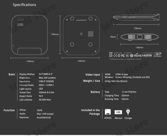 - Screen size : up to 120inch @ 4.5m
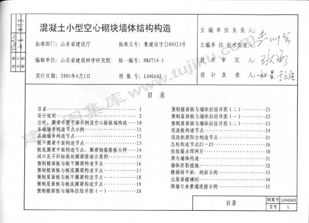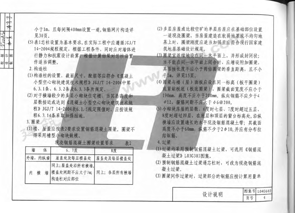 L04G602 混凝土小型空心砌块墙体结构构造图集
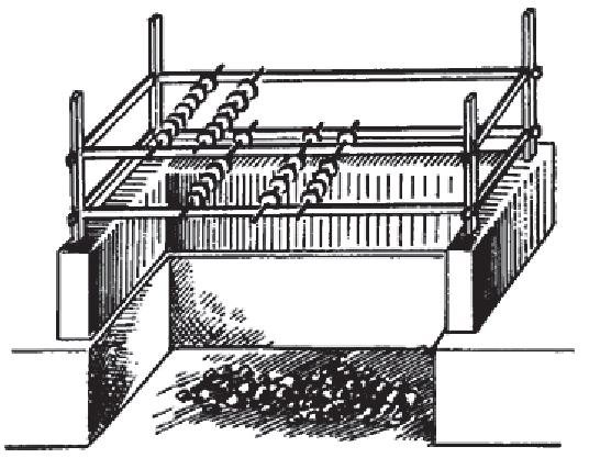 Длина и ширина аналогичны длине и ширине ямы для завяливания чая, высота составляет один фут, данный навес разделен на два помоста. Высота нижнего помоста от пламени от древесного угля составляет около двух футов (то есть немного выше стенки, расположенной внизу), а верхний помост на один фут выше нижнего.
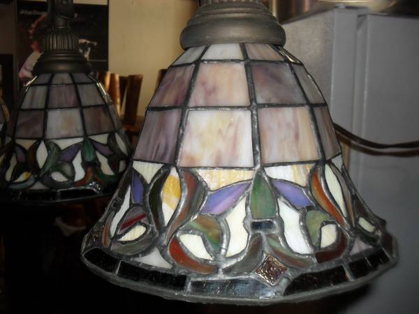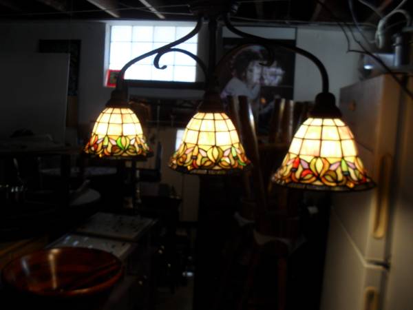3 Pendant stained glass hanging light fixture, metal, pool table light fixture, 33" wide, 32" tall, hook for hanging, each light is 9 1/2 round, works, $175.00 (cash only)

##########

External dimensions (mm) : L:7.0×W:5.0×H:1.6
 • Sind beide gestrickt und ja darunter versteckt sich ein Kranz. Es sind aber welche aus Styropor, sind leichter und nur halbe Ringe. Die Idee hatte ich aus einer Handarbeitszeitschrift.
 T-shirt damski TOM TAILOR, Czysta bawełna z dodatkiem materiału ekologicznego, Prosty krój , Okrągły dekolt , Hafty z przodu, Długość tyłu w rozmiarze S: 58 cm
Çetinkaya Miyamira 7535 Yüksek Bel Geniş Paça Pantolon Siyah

##########

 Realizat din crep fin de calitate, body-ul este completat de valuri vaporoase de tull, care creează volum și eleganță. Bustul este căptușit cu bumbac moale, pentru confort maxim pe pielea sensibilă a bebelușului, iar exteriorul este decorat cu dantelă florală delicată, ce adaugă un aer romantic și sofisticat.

##########

(PROBLEM TO WORK ON):
Transcribe, exactly and without pictures, everything in the data from the line with "- Screen size : up to 120inch @ 4.5m" down to the line with "3 Pendant stained", both included.

(COMPLETED TASK):
 - Screen size : up to 120inch @ 4.5m
 L04G602 混凝土小型空心砌块墙体结构构造图集
 Длина и ширина аналогичны длине и ширине ямы для завяливания чая, высота составляет один фут, данный навес разделен на два помоста. Высота нижнего помоста от пламени от древесного угля составляет около двух футов (то есть немного выше стенки, расположенной внизу), а верхний помост на один фут выше нижнего.
3 Pendant stained glass hanging light fixture, metal, pool table light fixture, 33" wide, 32" tall, hook for hanging, each light is 9 1/2 round, works, $175.00 (cash only)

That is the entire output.